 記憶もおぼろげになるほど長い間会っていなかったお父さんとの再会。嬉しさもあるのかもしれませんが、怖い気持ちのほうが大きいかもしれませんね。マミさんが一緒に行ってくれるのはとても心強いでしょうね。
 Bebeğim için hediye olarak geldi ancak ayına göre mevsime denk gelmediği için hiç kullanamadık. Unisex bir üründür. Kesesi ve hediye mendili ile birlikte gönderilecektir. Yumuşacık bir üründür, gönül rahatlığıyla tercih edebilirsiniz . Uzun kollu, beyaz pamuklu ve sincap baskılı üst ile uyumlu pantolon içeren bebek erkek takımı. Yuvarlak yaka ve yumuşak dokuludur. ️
--
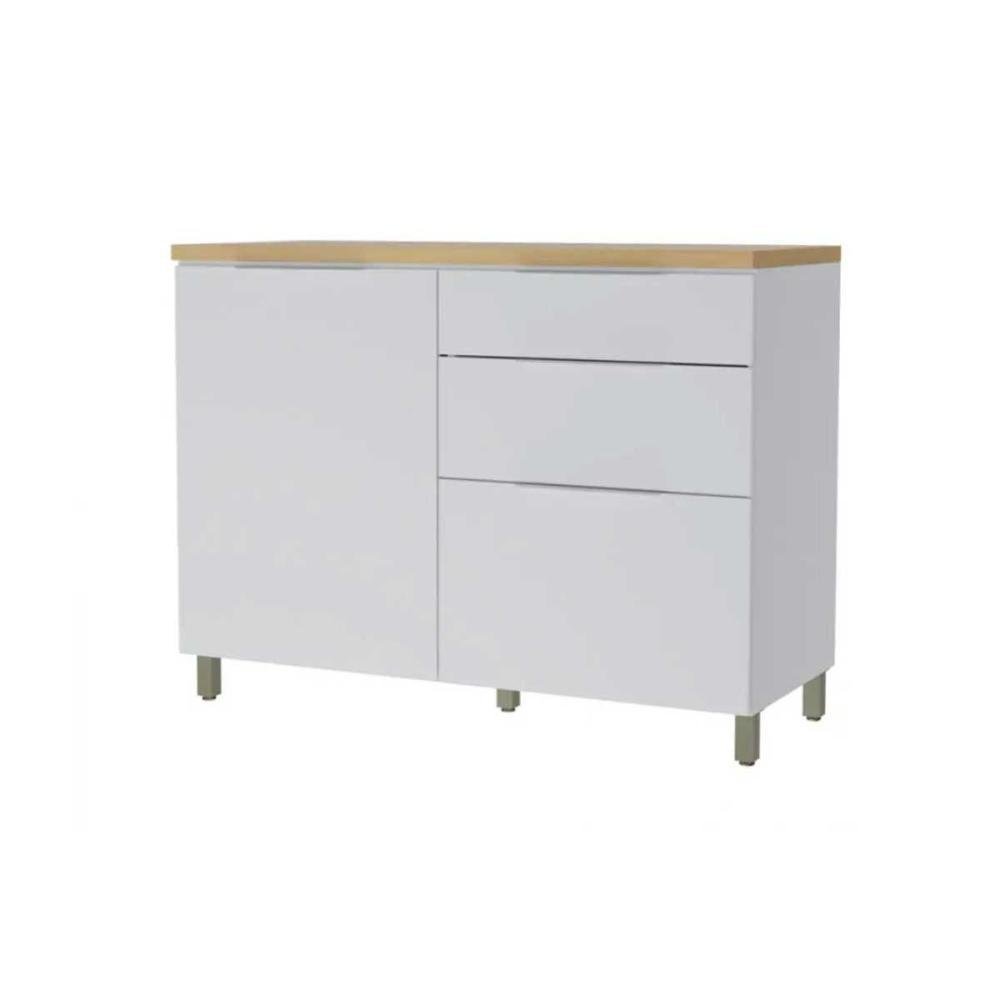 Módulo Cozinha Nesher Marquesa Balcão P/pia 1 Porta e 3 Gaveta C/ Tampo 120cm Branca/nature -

◆ **WHAT TO DO**: Write out exactly the lines that fall from the line with "記憶もおぼろげになるほど長い" to the line with "Bebeğim için hediye" in the records above, keeping both ends.

◆ **SOLUTION TO THE PROBLEM**:
 記憶もおぼろげになるほど長い間会っていなかったお父さんとの再会。嬉しさもあるのかもしれませんが、怖い気持ちのほうが大きいかもしれませんね。マミさんが一緒に行ってくれるのはとても心強いでしょうね。
 Bebeğim için hediye olarak geldi ancak ayına göre mevsime denk gelmediği için hiç kullanamadık. Unisex bir üründür. Kesesi ve hediye mendili ile birlikte gönderilecektir. Yumuşacık bir üründür, gönül rahatlığıyla tercih edebilirsiniz . Uzun kollu, beyaz pamuklu ve sincap baskılı üst ile uyumlu pantolon içeren bebek erkek takımı. Yuvarlak yaka ve yumuşak dokuludur. ️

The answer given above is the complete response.